(Records from a data source)
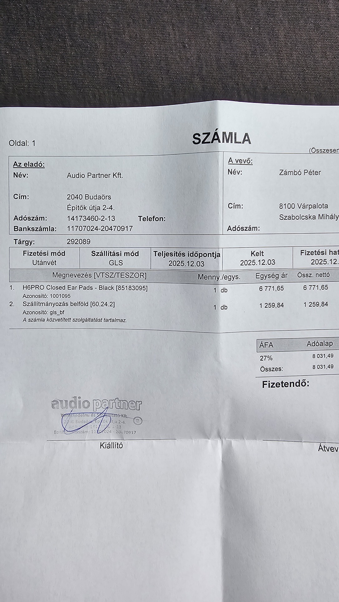 -Most vettem hozzá csere fülpárnát,számla van róla.
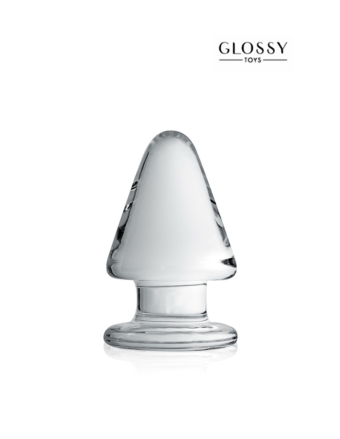 Un luxueux sextoy anal en verre incassable translucide avec une forme conique lisse qui facilite la pénétration et une base large qui permet une introduction complète du plug sans risque.
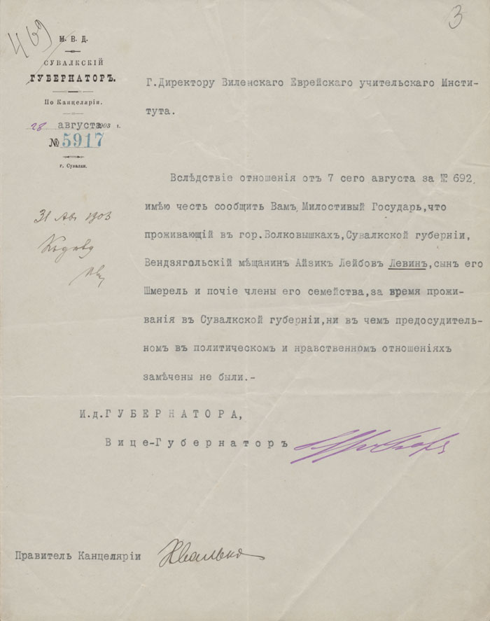 Suvalkų gubernatoriaus kanceliarijos išduota pažyma, adresuota Vilniaus žydų mokytojų instituto direktoriui. Joje nurodyta, kad Vilkaviškyje (Suvalkų gubernija) gyvenančio Aiziko Levino (Айзик Лейбовъ Левин), jo sūnaus Šmerelio (Шмерель) ir kitų šeimos narių elgesyje, jiems gyvenant Suvalkų gubernijoje, nebuvo pastebėta nieko smerktino politiniu ar doroviniu atžvilgiu. Pažymą pasirašė vicegubernatorius
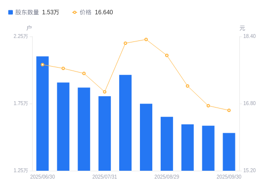 近一年(2024年9月30日至2025年9月30日),中金辐照A股股东户数从1.44万户,增加至1.53万户,增幅6.48%,区间股价上涨18.82%。
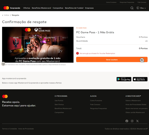 O meu tá dando esse erro tbm, not enough purchasse for vouncher redemption, se alguém conseguir me doar um eu agradeço
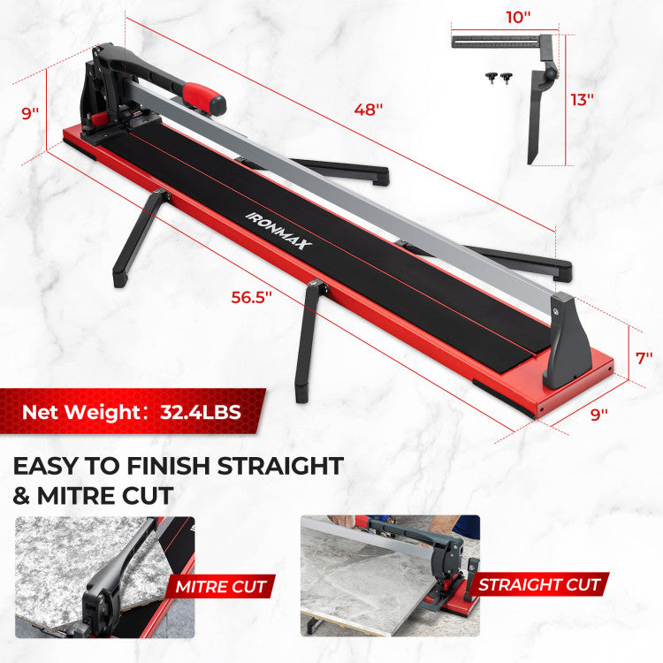 Ce coupe-carreaux professionnel de 48 pouces est conçu pour des coupes précises et sans effort dans les carreaux de céramique et de porcelaine. Équipé d'une molette de coupe en carbure de tungstène durable, d'un guide linéaire et d'une règle, cet outil garantit une finition nette et précise &ndash ; à chaque fois. Avec sa conception robuste, sa poignée ergonomique et ses supports latéraux réglables, ce coupe-carreaux est idéal pour les bricoleurs et les professionnels.
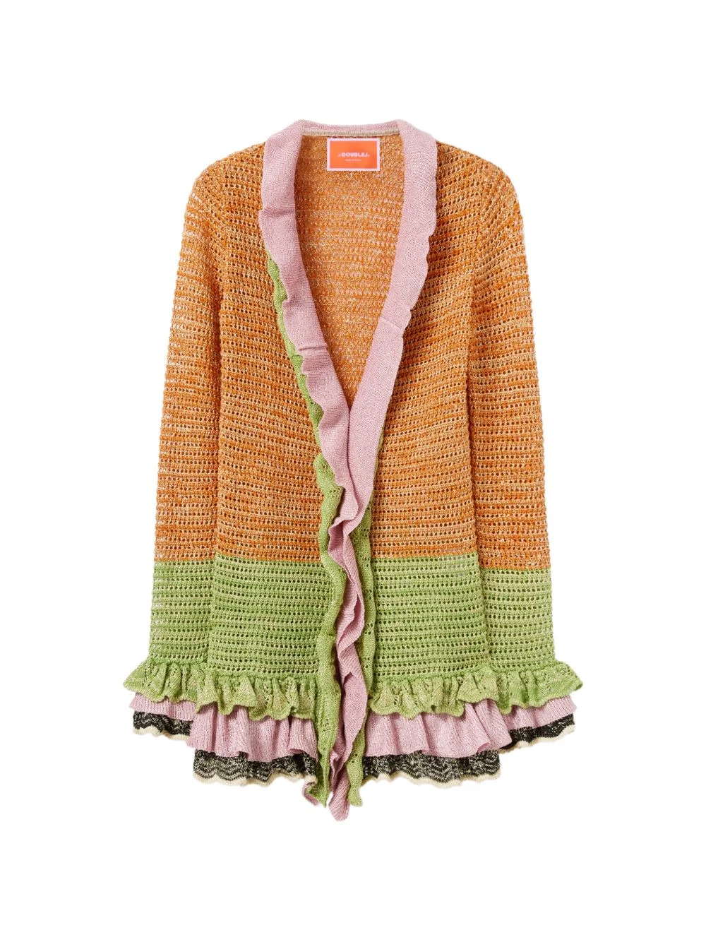 Eight Counts cardigan Highlights - Your cardigan collection just met its maximalist match: the eight counts cardigan. this is not just a layer; it's a vibrant, wearable masterpiece of italian artistry. crafted with an intricate openwork construction reminiscent of handcrafted crochet, its luxurious, substantial knit feels both vintage-inspired and utterly modern. but the true drama unfolds along the edges, where multiple ruched layers of shimmering ribbed lurex ruffles—alternated with delicate lace inserts—create a bold, color-blocked symphony of textures. it’s a high-vibe statement piece that promises to effortlessly elevate everything from your favorite jeans to a flowing silk dress, ensuring every entrance (and exit!) is nothing short of spectacular. - Garment fit: fitted - Cotton-viscose blend - 45% cotton 38% viscose 12% metal polyester 5% polyamide - Unlined - Made in italy - Openwork construction reminiscent of handcrafted crochet - Edges embellished with multiple rouche layers of ribbed lurex ruffles, alternated with lace inserts, arranged in bold color block compositions - 5 gauge Made in Italy Composition Cotton 45%, Viscose 38%, Metallized Polyester 12%, Polyamide 5% Washing instructions Read Manufacturer Guidelines
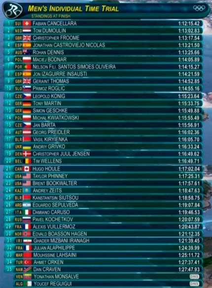 18:55. олимпийским чемпионом в велогонке с раздельным стартом стал швейцарец Фабиан Канчеллара. "Серебро" у нидерландца Тома Дюмолена, "бронза" у британца Кристофера Фрума
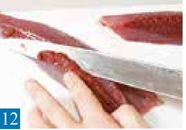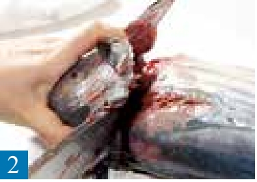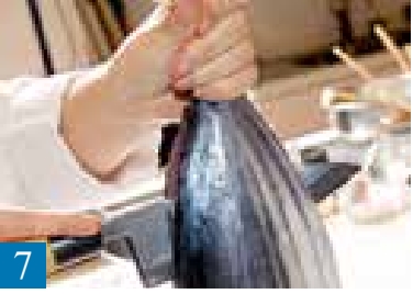利用鱼本身的重量,用下切方法片鱼。用手把鲣鱼抓起来,切的时候让鱼保持直立状态。

REQUIREMENT ▸ From the data above, return only the lines starting at the line that holds "Ce coupe-carreaux professionnel" and ending at the line that holds "Eight Counts cardigan Highlights", word for word and without pictures.

ANSWER TO THE EXERCISE ▸
 Ce coupe-carreaux professionnel de 48 pouces est conçu pour des coupes précises et sans effort dans les carreaux de céramique et de porcelaine. Équipé d'une molette de coupe en carbure de tungstène durable, d'un guide linéaire et d'une règle, cet outil garantit une finition nette et précise &ndash ; à chaque fois. Avec sa conception robuste, sa poignée ergonomique et ses supports latéraux réglables, ce coupe-carreaux est idéal pour les bricoleurs et les professionnels.
 Eight Counts cardigan Highlights - Your cardigan collection just met its maximalist match: the eight counts cardigan. this is not just a layer; it's a vibrant, wearable masterpiece of italian artistry. crafted with an intricate openwork construction reminiscent of handcrafted crochet, its luxurious, substantial knit feels both vintage-inspired and utterly modern. but the true drama unfolds along the edges, where multiple ruched layers of shimmering ribbed lurex ruffles—alternated with delicate lace inserts—create a bold, color-blocked symphony of textures. it’s a high-vibe statement piece that promises to effortlessly elevate everything from your favorite jeans to a flowing silk dress, ensuring every entrance (and exit!) is nothing short of spectacular. - Garment fit: fitted - Cotton-viscose blend - 45% cotton 38% viscose 12% metal polyester 5% polyamide - Unlined - Made in italy - Openwork construction reminiscent of handcrafted crochet - Edges embellished with multiple rouche layers of ribbed lurex ruffles, alternated with lace inserts, arranged in bold color block compositions - 5 gauge Made in Italy Composition Cotton 45%, Viscose 38%, Metallized Polyester 12%, Polyamide 5% Washing instructions Read Manufacturer Guidelines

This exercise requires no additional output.